*WORK ORDER*
Would you print the lines below exactly, beginning at the line that has "El primer ministro" and stopping after the line that has "台北市建國北路民生東路口30"? Only those lines, and no pictures.

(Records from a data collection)
• • • • • • •

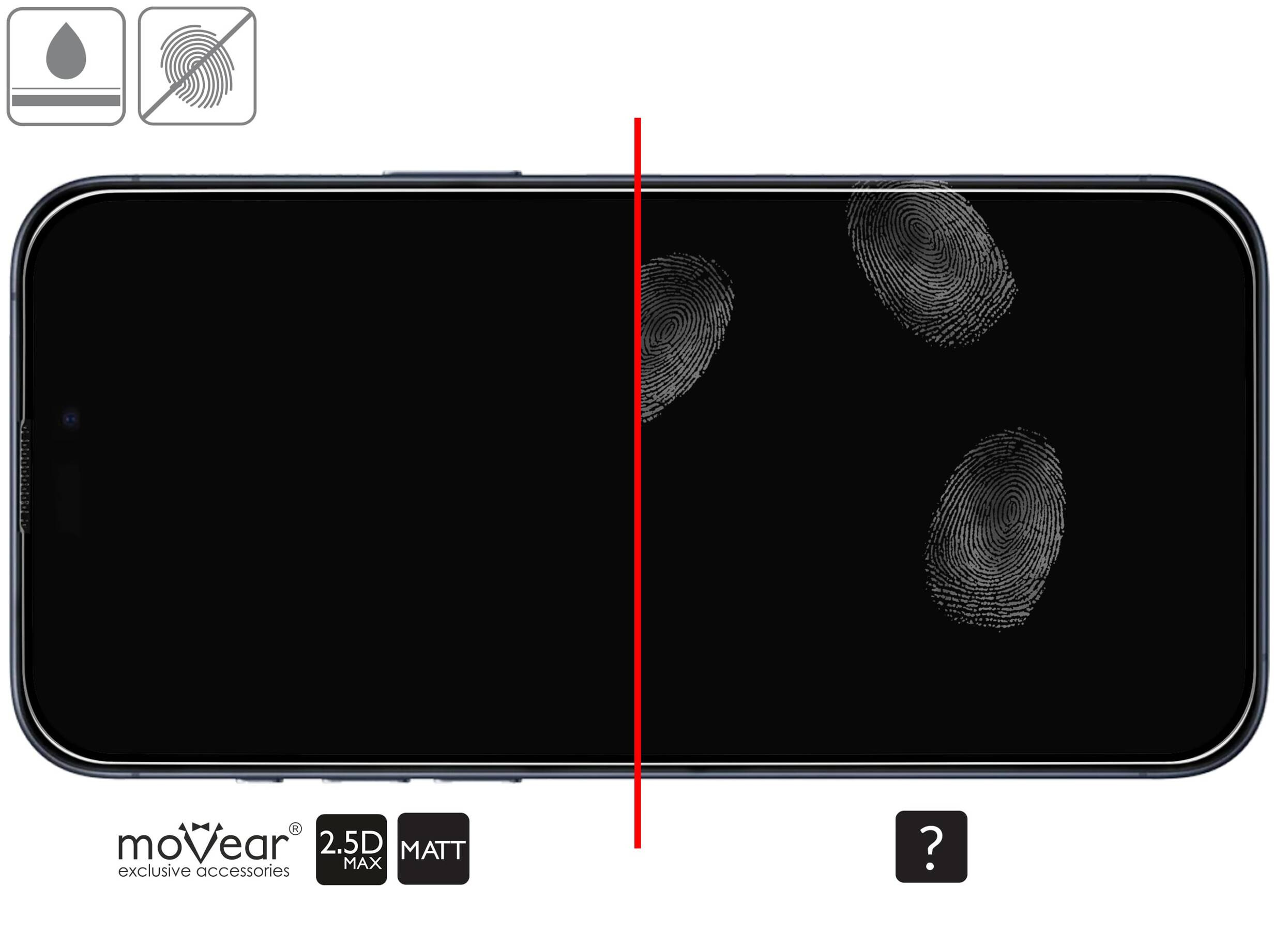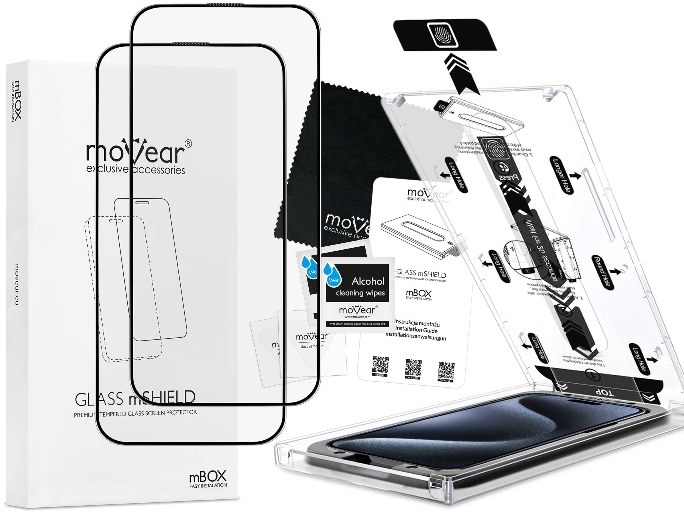 - 2 pcs. moVear mBOX GLASS mSHIELD 2.5D MAX MATT tempered glass for the iPhone 15 Pro Max
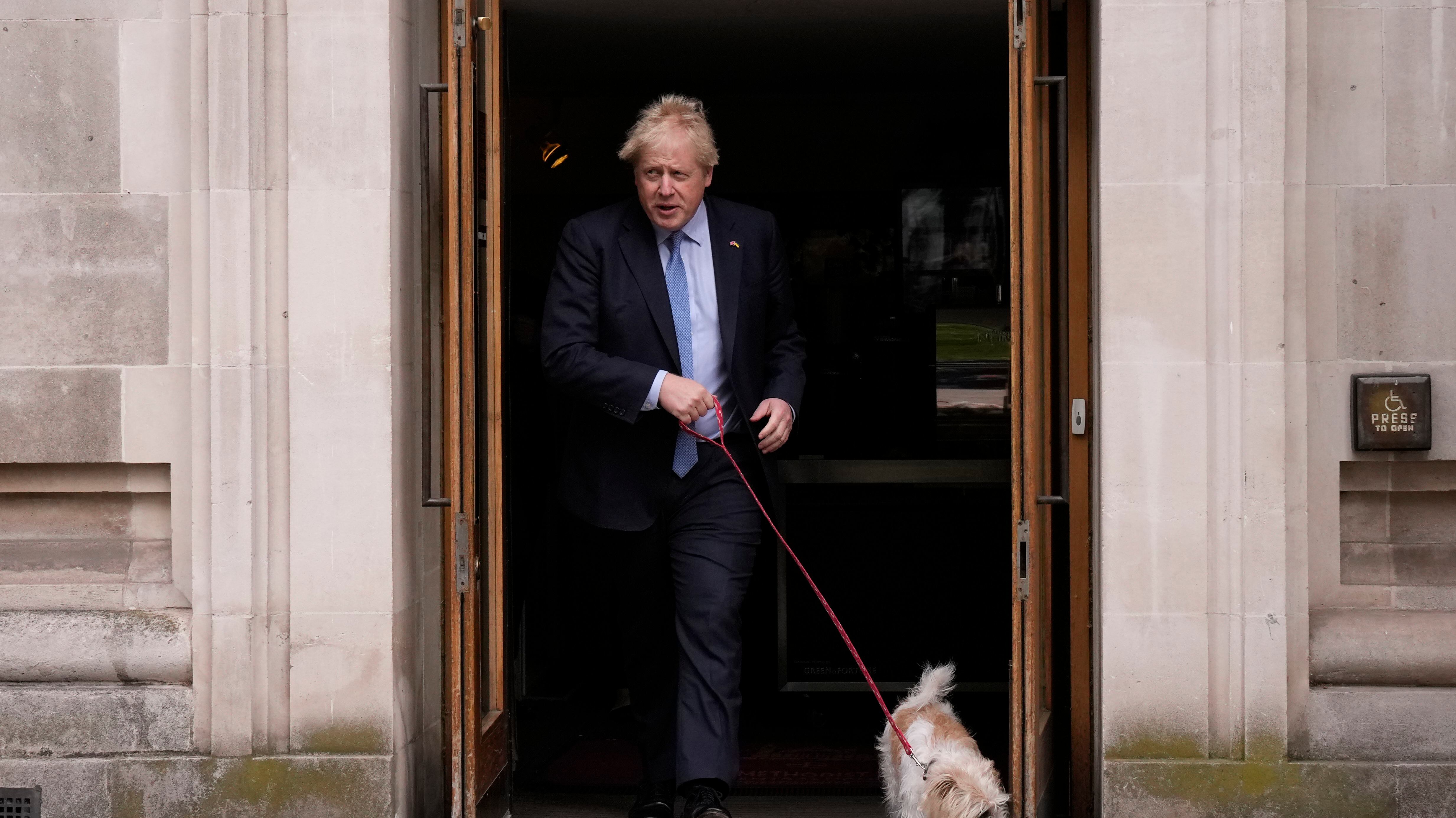 El primer ministro de Gran Bretaña, Boris Johnson, abandona un centro electoral acompañado por su perro Dilyn, en el centro de Londres, luego de votar en comicios locales, el 5 de mayo de 2022. (AP Foto/Matt Dunham) (Matt Dunham/AP)
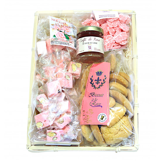 Ingrédients : sucre, amandes, miel, sirop de glucose, pistaches, albumine d'oeuf, pain azyme, pétales de roses anciennes, huile essentielle de rose, eau florale de rose
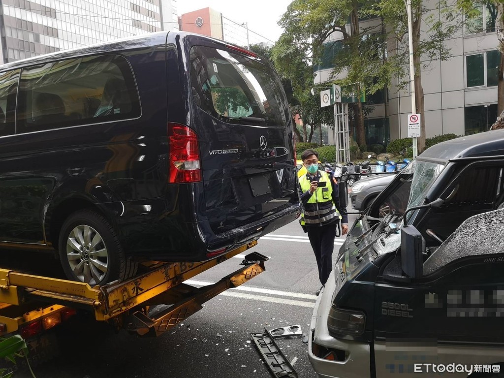 台北市建國北路民生東路口30發生車禍事故,其中一輛拖吊車上載著準備去交車的「賓士休旅車」遭後方廂型車撞上,造成賓士車屁股凹陷,所幸僅一名女子輕傷,至於詳細車禍原因還有待相關單位釐清。
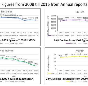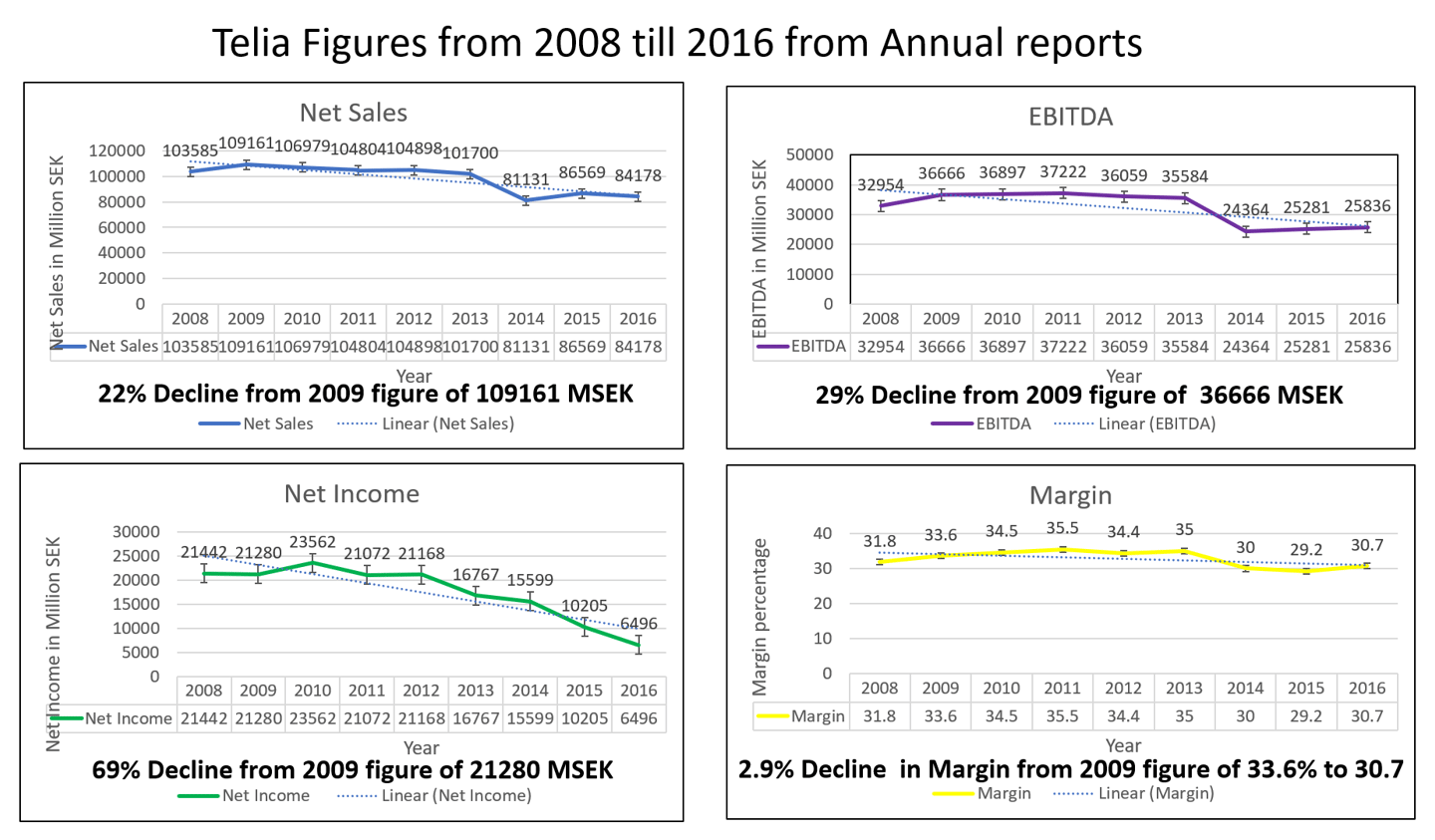 A short history for the above picture is necessary. I had posted a video in 2019 of how the three companies mentioned above would have issues selling their 5G equipment without a VBE model to accompany it. My analysis was based on the VBE model for 5G equipment and the value it brought in for the customers who would buy 5G equipment from the three companies mentioned above. This analysis had started when I had asked a senior executive of Telia Sonera a Swedish Telecom operator (around 2017) on how they evaluated their transition to the next G equipment which was brought to them by Ericsson, Nokia and Huawei. He was in TeliaSonera since 1999 when 1G had started. His answer was we have coffee (called Fika in Sweden) and then we change the equipment to the next generation. And my counter question was that before doing such capital investment do you not evaluate how much revenue the new equipment is going to bring it which will payback the investments you have done. And his answer was there is no such study, the new equipment gets you new capabilities. He had retired from Telia Sonera in 2009 and that is when I started to dig deeper into the revenues of TeliaSonera from 2009 onwards to 2016. What I did was plot the annual reports for Telia Sonera from 2009 to 2016 and the figures shocked me.

• • • • • • •

*WORKED SOLUTION*
 El primer ministro de Gran Bretaña, Boris Johnson, abandona un centro electoral acompañado por su perro Dilyn, en el centro de Londres, luego de votar en comicios locales, el 5 de mayo de 2022. (AP Foto/Matt Dunham) (Matt Dunham/AP)
 Ingrédients : sucre, amandes, miel, sirop de glucose, pistaches, albumine d'oeuf, pain azyme, pétales de roses anciennes, huile essentielle de rose, eau florale de rose
 台北市建國北路民生東路口30發生車禍事故,其中一輛拖吊車上載著準備去交車的「賓士休旅車」遭後方廂型車撞上,造成賓士車屁股凹陷,所幸僅一名女子輕傷,至於詳細車禍原因還有待相關單位釐清。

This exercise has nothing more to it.